Upon looking at the source of the tweet, all of these occured in the noon onwards. So it is safe to classify all of them as "PM".

In [28]:
# Remove extra M's
df.loc[incomplete.index, 'Time'] = df.loc[incomplete.index, 'Time'].apply(lambda val: val[:-1] if val[-1] == 'M' else val)

df.loc[incomplete.index, 'Time'].values

array(['12:00', '12:00', '12:00', '7:21', '7:57', '8:26', '12:31', '5:25',
       '8:36', '2:25', '3:32', '4:31'], dtype=object)

In [29]:
# Add "PM" at the end
df.loc[incomplete.index, 'Time'] = df.loc[incomplete.index, 'Time'].apply(lambda val: f'{val} PM')
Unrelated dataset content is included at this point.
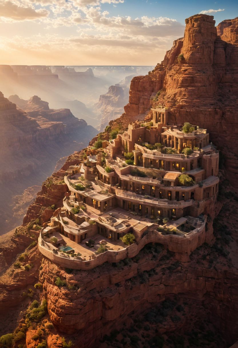 (The colonial city of the future, in the mist-filled Grand Canyon, on an unknown Earth-like planet, 2 moon on sky, Spaceship flight connects colonies:1.3), (Richard Meier:1.2), (Mario Botta:1.3), (avant-garde, future, reality, science fiction, photorealistic), (modern architecture:1.2), (Large Files, Ultra Realistic, 8K, 16k, FHD, HD, VFX, Perfect, Photography, composition, Architecture Sales Photography, Architecture Competition, Ultra High Resolution, Cinematography, High Resolution Image:1.1), (dramatic lighting, direct sunlight, ray tracing, clear shadow:1.2), (real landscape:1.1), (blurred background:1.0), (urban background, more_details) , ac_neg1, great lighting, clear, hillscastel, stacked

df.loc[incomplete.index, 'Time'].values

array(['12:00 PM', '12:00 PM', '12:00 PM', '7:21 PM', '7:57 PM',
       '8:26 PM', '12:31 PM', '5:25 PM', '8:36 PM', '2:25 PM', '3:32 PM',
       '4:31 PM'], dtype=object)

...and others not having a whitespace before "AM" or "PM".

In [30]:
def no_whitespace(val):
    """
    Determine if the time format has no whitespace before "AM" or "PM".
    """
    if len(val.split()) < 2:
        return True
    else:
        return False

In [31]:
# Show all values without whitespace before "AM" or "PM"
df[df['Time'].apply(no_whitespace)].loc[:, 'Time'].values

array(['3:20PM', '8:55PM', '9:00PM', '8:00PM', '8:05PM', '6:07PM',
       '6:17PM', '6:48PM', '2:27PM', '4:49PM', '4:17PM', '4:10PM',
       '5:21PM', '6:30PM', '7:03PM', '3:23PM', '3:07PM', '3:07PM',
       '7:20PM', '3:46PM', '4:09PM', '4:13PM', '4:08PM', '4:33PM',
       '3:29PM'], dtype=object)

In [32]:
def fix_whitespace(val):
    """
    Add whitespace before the "AM" or "PM".
    """
    val = val.strip()

    if no_whitespace(val):
        ind = val[-2:]
        time = val[:-2]
        return f'{time} {ind}'
    else:
        return val.strip()

In [33]:
# Fix all values without whitespace before "AM" or "PM"
df['Time'] = df['Time'].apply(fix_whitespace)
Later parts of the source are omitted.